# What this task involves
The lines to repeat are those below from the one containing "Banner Natural medicine, cosmetic" down to the one containing "3DMARK를 이용해서 MSI", both included; reproduce them exactly and nothing else.

[Input data — start]

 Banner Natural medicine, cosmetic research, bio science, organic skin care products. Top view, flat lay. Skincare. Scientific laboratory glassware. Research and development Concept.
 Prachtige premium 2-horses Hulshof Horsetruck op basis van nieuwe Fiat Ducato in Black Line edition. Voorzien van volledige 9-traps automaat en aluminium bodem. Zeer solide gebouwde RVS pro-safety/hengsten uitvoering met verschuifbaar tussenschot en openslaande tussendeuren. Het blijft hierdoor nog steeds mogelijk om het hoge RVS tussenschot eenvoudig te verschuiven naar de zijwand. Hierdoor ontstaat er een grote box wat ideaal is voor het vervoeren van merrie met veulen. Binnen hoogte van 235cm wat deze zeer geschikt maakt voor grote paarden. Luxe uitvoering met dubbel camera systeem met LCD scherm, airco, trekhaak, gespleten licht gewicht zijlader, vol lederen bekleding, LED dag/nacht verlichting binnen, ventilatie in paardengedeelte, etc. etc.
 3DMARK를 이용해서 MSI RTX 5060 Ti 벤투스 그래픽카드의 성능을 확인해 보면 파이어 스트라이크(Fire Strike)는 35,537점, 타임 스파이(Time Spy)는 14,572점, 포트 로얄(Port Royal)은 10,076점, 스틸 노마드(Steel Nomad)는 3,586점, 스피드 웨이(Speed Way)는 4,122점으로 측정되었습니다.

[Input data — finish]
[Input data — start]

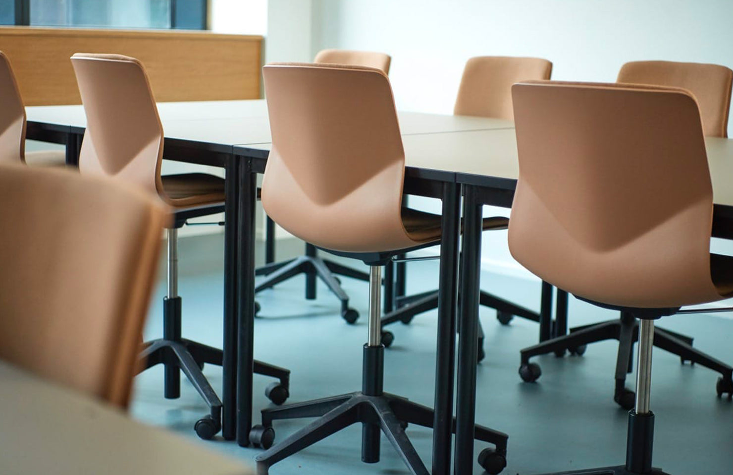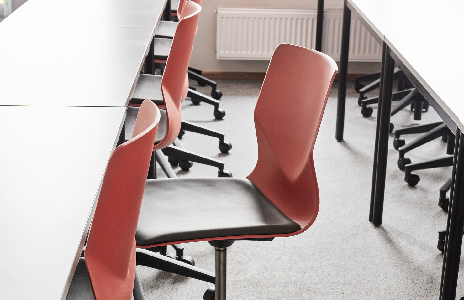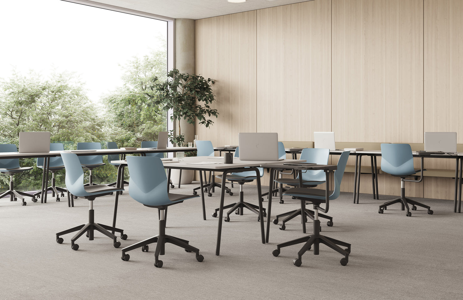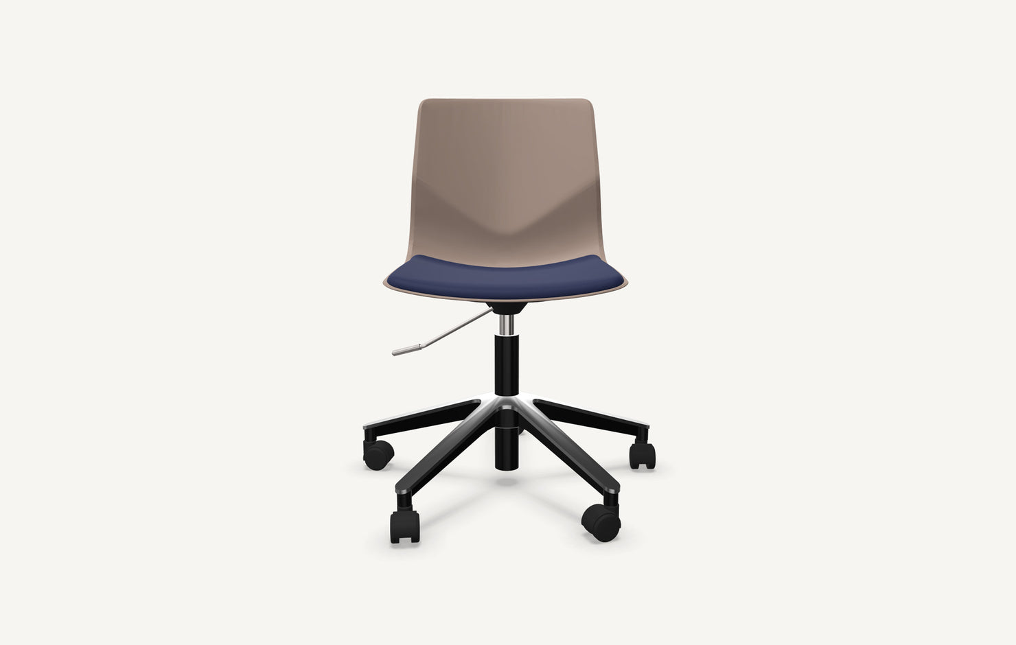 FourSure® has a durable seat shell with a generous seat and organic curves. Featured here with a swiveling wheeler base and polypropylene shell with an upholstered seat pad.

[Input data — finish]

# Problem solution
 Banner Natural medicine, cosmetic research, bio science, organic skin care products. Top view, flat lay. Skincare. Scientific laboratory glassware. Research and development Concept.
 Prachtige premium 2-horses Hulshof Horsetruck op basis van nieuwe Fiat Ducato in Black Line edition. Voorzien van volledige 9-traps automaat en aluminium bodem. Zeer solide gebouwde RVS pro-safety/hengsten uitvoering met verschuifbaar tussenschot en openslaande tussendeuren. Het blijft hierdoor nog steeds mogelijk om het hoge RVS tussenschot eenvoudig te verschuiven naar de zijwand. Hierdoor ontstaat er een grote box wat ideaal is voor het vervoeren van merrie met veulen. Binnen hoogte van 235cm wat deze zeer geschikt maakt voor grote paarden. Luxe uitvoering met dubbel camera systeem met LCD scherm, airco, trekhaak, gespleten licht gewicht zijlader, vol lederen bekleding, LED dag/nacht verlichting binnen, ventilatie in paardengedeelte, etc. etc.
 3DMARK를 이용해서 MSI RTX 5060 Ti 벤투스 그래픽카드의 성능을 확인해 보면 파이어 스트라이크(Fire Strike)는 35,537점, 타임 스파이(Time Spy)는 14,572점, 포트 로얄(Port Royal)은 10,076점, 스틸 노마드(Steel Nomad)는 3,586점, 스피드 웨이(Speed Way)는 4,122점으로 측정되었습니다.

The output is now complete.